Bu yılki tema: Plastik Kirlilik ile Mücadele
TMMOB Çevre Mühendisleri Odası Düzce İl Temsilciliği Yönetim Kurulu 5 Haziran Dünya Çevre Günü’nde yine şehrin sorunlarına dikkat çekti. Bu yılki Dünya Çevre Günü temasının “Plastik Kirlilik ile Mücadele” olarak belirlendiği belirtilen açıklamada şunlar kaydedildi:

Türkiye’de farklı sektörlerde toplam 8 milyon 612 bin ton plastik tüketiliyor
“Bu tema ile dünyada kullanılan plastik ürünlerin azaltılması da hedeflenmektedir. Ülkemizde de plastik kullanımı her alanda yaygınlaşmış, plastik atıkların yönetiminde zorluklar oluşmuştur. Belediyelerde toplanan atıkların yüzde 3’ü plastiktir. Türkiye’de farklı sektörlerde toplam 8 milyon 612 bin ton plastik tüketilmektedir. 1 milyon 800 bin ton plastik ambalaj piyasa sürülmekte ve bunun sadece 384 bin tonu toplanmaktadır. Plastik atıklarımızın toplanması, geri kazanılması sürecinin sağlıklı olmadığı sayılarla da ortaya çıkmaktadır. Bu plastikler topraklarımızda, derelerimizde, denizlerimizde birikmekte ve sağlığımızı tehdit etmekte, ekosisteme zarar vermektedir. Ambalaj plastiklerin kaynağında ayrı toplanması sağlanamamış, depozito yaklaşımı güçlendirilerek zorunlu hale getirilmemiştir.”

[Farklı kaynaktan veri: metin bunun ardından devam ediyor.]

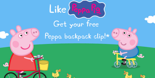 Head over to the Peppa Pig Facebook Page and “Like” them to request a FREE Plush Backpack Clip!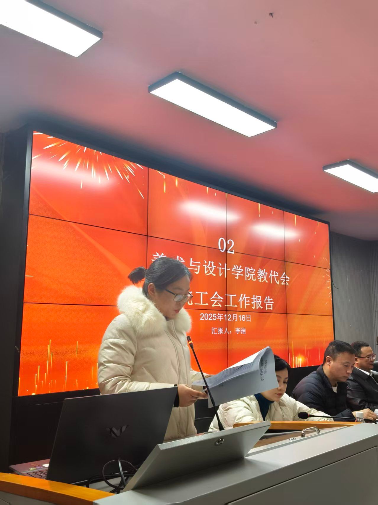 随后分工会李洁作了强化思想引领,凝聚教职工力量的报告,报告全面回顾 2024 年工会工作成效,明确 2025 年工会将聚焦教育、建设、参与、维护四项职能,立足服务师生、服务教学的核心定位,为学院高质量发展注入工会力量。

İşte Düzce’de devam eden çevre sorunları
Düzce’de devam eden çevre sorunlarına da dikkat çekilen açıklamada, “Her yıl dile getirdiğimiz gibi, katı atıkların düzensiz depolama sorunu ülkemizde olduğu gibi İlimizde de hala devam etmektedir. Bunun yanında İlimiz Merkez ve İlçe Belediyelerinin Ambalaj Atıkları Yönetim Planı bulunmamaktadır. Düzce’de Merkez ve Akçakoca Belediyelerinin dışında atıksu arıtma tesisine sahip belediye bulunmamaktadır. 2017 yılı hava kirliliği açısından yine olumsuz geçmiştir.” denildi.  
 
“Koruma-kullanma anlayışının temel alınmalı”
Anayasa’nın 56. maddesiyle “Sağlıklı ve dengeli bir çevrede yaşama hakkı, çevreyi geliştirmek, çevre sağlığını korumak ve çevrenin kirlenmesini önlemek” güvence altına alındığına işaret eden Çevre Mühendisleri Odası İl Temsilciliği, açıklamasını şöyle sonlandırdı: “Çevre politikalarının; sanayi, tarım, enerji, ulaşım ve kentleşme politikalarıyla bütüncül olarak ele alınmasının gerekliliği net olarak ortadadır. Koruma-kullanma anlayışının temel alınmadığı her yaklaşım ve proje çevrenin ve doğal yaşamın sürdürülebilirliğini olumsuz olarak etkileyecektir. Bu gerçekten hareketle; koruma-kullanma yaklaşımını esas alan, şeffaf, halkın katılımını sağlayan kanalların açık tutulduğu bir anlayışın kamu yönetiminde esas alınması tartışmasız olarak hayata geçirilmelidir.”